◆ Prompt: In the material below, find the line with "婚礼当天,新郎新娘携手走在用"; set down that line and every line after it to the end, exactly, without pictures.

+++ Supplied material

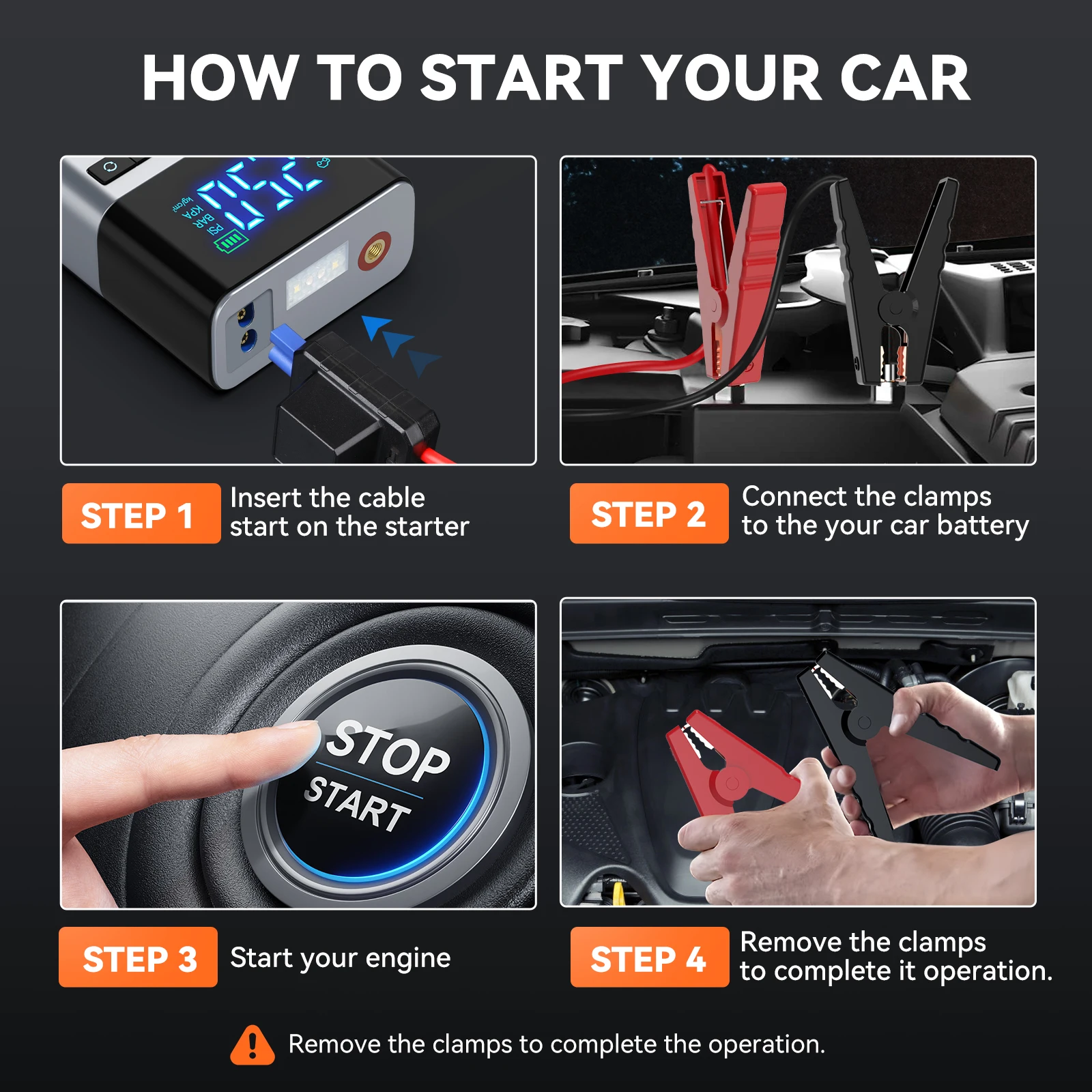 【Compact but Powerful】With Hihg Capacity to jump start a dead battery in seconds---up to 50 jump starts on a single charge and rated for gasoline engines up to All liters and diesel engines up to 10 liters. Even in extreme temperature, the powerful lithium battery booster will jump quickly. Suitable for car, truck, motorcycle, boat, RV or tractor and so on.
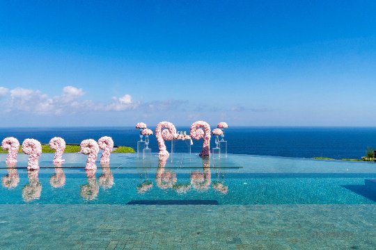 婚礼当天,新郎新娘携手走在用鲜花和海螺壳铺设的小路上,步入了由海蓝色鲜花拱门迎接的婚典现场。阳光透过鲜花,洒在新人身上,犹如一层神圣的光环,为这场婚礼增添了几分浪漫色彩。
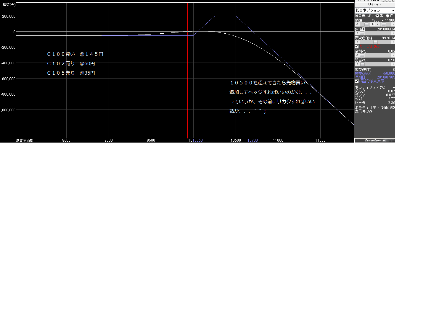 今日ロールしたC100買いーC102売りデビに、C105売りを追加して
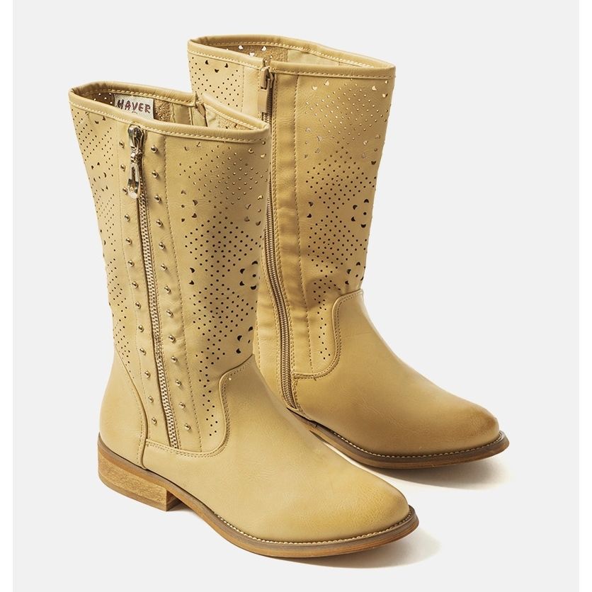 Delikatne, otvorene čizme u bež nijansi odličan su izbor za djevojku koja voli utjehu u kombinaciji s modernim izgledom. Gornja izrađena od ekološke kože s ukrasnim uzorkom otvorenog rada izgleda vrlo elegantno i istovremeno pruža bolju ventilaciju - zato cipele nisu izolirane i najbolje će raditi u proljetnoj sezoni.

++++++

◆ The completed task:
 婚礼当天,新郎新娘携手走在用鲜花和海螺壳铺设的小路上,步入了由海蓝色鲜花拱门迎接的婚典现场。阳光透过鲜花,洒在新人身上,犹如一层神圣的光环,为这场婚礼增添了几分浪漫色彩。
 今日ロールしたC100買いーC102売りデビに、C105売りを追加して
 Delikatne, otvorene čizme u bež nijansi odličan su izbor za djevojku koja voli utjehu u kombinaciji s modernim izgledom. Gornja izrađena od ekološke kože s ukrasnim uzorkom otvorenog rada izgleda vrlo elegantno i istovremeno pruža bolju ventilaciju - zato cipele nisu izolirane i najbolje će raditi u proljetnoj sezoni.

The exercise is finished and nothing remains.